::: Data records
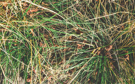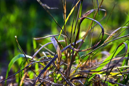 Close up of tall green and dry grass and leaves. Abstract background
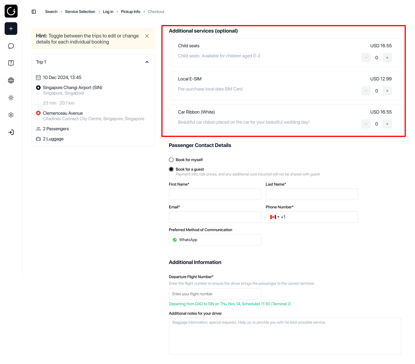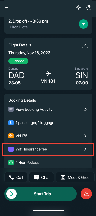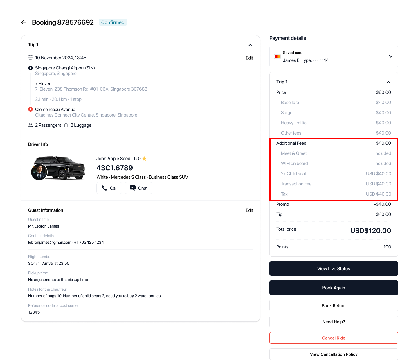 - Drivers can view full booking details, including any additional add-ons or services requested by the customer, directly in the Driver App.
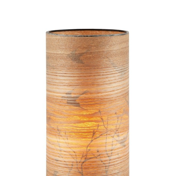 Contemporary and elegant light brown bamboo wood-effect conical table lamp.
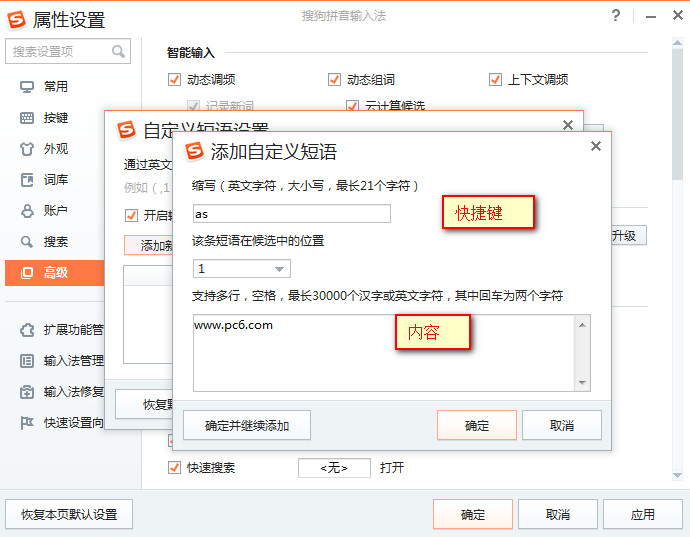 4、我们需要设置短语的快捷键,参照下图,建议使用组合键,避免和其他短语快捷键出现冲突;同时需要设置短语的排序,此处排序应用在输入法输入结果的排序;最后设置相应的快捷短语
::::::
::: Data records
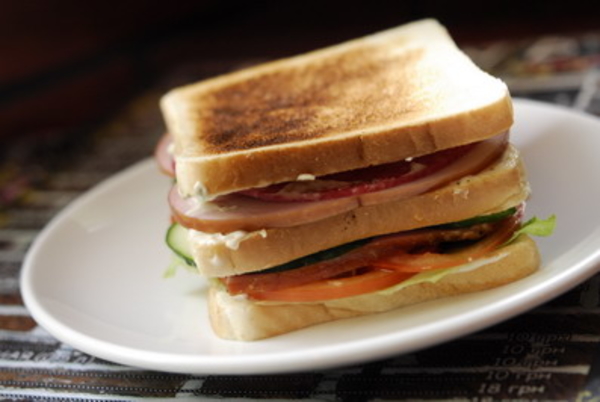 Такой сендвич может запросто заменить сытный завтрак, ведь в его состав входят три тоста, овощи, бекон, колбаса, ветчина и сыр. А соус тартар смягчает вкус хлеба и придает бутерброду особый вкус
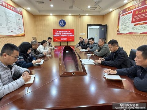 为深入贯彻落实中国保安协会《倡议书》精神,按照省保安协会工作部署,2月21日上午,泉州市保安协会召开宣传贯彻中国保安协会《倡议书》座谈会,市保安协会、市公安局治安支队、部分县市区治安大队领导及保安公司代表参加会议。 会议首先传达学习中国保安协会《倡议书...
::::::
::: Data records
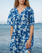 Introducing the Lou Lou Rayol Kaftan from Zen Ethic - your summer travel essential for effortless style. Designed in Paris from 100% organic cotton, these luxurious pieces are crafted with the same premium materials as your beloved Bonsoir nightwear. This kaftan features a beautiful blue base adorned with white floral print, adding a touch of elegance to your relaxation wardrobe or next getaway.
::::::
◆ **Exercise details**: Output should consist of the lines above from the one with "Close up of" down to the one with "4、我们需要设置短语的快捷键", exact and without pictures.

◆ **Exercise answer**:
 Close up of tall green and dry grass and leaves. Abstract background
 - Drivers can view full booking details, including any additional add-ons or services requested by the customer, directly in the Driver App.
 Contemporary and elegant light brown bamboo wood-effect conical table lamp.
 4、我们需要设置短语的快捷键,参照下图,建议使用组合键,避免和其他短语快捷键出现冲突;同时需要设置短语的排序,此处排序应用在输入法输入结果的排序;最后设置相应的快捷短语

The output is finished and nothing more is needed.